In ch 3.2 (especially lines 141-144) the authors provide very simplified view on T-dependent and T-independent regulation of SIgA production in gut mucosal tissues. I understand this is introductory part to highlight important aspects in the area however, I would be valuable to mention that the subject was recently and thoroughly reviewed in Pietrzak, B.; Tomela, K.; Olejnik-Schmidt, A.; Mackiewicz, A.; Schmidt, M. Secretory IgA in Intestinal Mucosal Secretions as an Adaptive Barrier against Microbial Cells. Int. J. Mol. Sci. 2020, 21, 9254. https://doi.org/10.3390/ijms21239254.

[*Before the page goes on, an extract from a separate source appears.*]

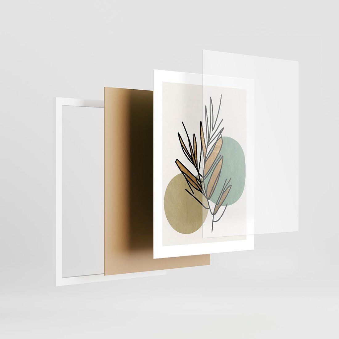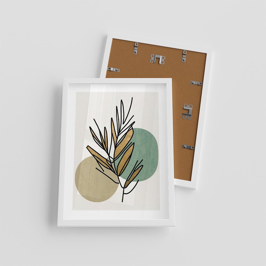 Plakat w ramie 30x40 - Migocące Ścieżki Wizji - abstrakcyjny obraz boho, liście - rama biała

In chapter 4.1 regarding SCID the authors should mention the recommendations and management of SCID patients, especially protective measures regarding feeding and housing which significantly reduce exposure to microorganisms therefore additionally impair colonization. As well as for other immune disorders mentioned if such recommendations (e.g. dietary) exist.

Specific comments:

Page 3, fig 1 (in both A and B panel) "B. Fragilis" should be "B. fragilis" (in italics),
Page 3, fig 1 (in B panel) secretory IgA should be abbreviated as "SIgA" according to current nomenclature
S-IgA and S-IgM are approved as abbreviations for secretory IgA and secretory IgM, respectively, to avoid confusion with surface immunoglobulins on B cells; accordingly, it is recommended that slg be used to refer to surface immunoglobulins. S also relates to "SC" as the abbreviation for secretory component, which is the distinctive feature of S-IgA (and S-IgM). A significant minority has expressed the view that the hyphenated forms (S-IgA and S-IgM) are unnecessary, and may choose to use unhyphenated forms (SIgA and SIgM).

Page 3, fig 1 description - in "(B) ... Bacteriodes Fragilis..." should be changed to "Bacteriodes fragilis" according to taxonomic nomenclature of species names the latter part should be in lower case (does not matter whether genus name is written in full or abbreviated).

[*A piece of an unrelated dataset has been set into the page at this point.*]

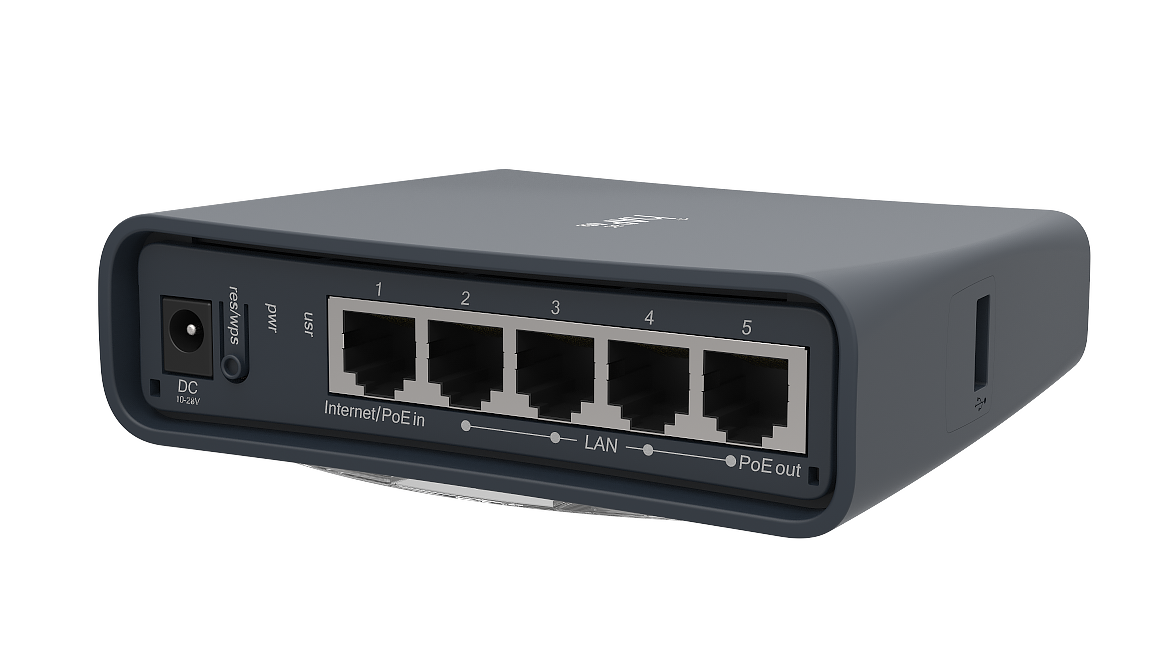 Unit is equipped with a 650MHz CPU, 64MB RAM, five 10/100Mbps Ethernet ports (PoE output on port #5), dual-chain 802.11b/g/n 2.4GHz wireless, single chain 802.11a/n/ac 5GHz wireless, USB port for 3G/4G modem and a RouterOS L4 license.

full name of SFB on Page 3, fig 1 description "(B)" is in lower case and on page 3, lines 118-119 - "...Segmented Filamentous Bacteria..." is written in upper case. This needs to be unified throughout the text.

Page 4 line 140 consider using "commensal" instead of "symbiotic"

Page 5 line 196 "..., defined alpha diversity." consider changing to "defined by alpha diversity." or "as indicated by alpha diversity." for better readability of the sentence. And latter on I recommend defining the alpha diversity as a measure of diversity within community (in opposition to beta diversity as a measure of differences between communities) rather than providing the explanation how it is calculated.

Line 206 - "These mice presented with lower intestinal diversity..." make the sentence more clear rephrasing it and including that the diversity corresponds to intestinal microbiota composition as indicated by decreased alpha diversity measure. In present state it may look intriguing whether mice have any anatomical diversity regarding a part of intestine described as "lower" (as the differences in the anatomy of human and rodent GIT exist).

Line 244 - taxonomic (genus) names should italicized "...Lactobacillus and Bifidobacterium..."

Line 376 - "Actinobacteria" (phylum) name should be in italics

Line 377 - "spp." in regular font (not italics)

Line 377 - "Firmicutes" (phylum) name should be in italics

Line 378 - "Proteobacteria" (phylum) name should be in italics

Author Response

We thank the Reviewer for the positive comment. We agree with all the suggestions and we modified the manuscript accordingly.

In particular, please see lines:

- 146-147

- 172-174

- 189-194: as suggested, we added the concept of “wildling” mice

- 226-228

Moreover, we modified the figure and we corrected all the terms as suggested.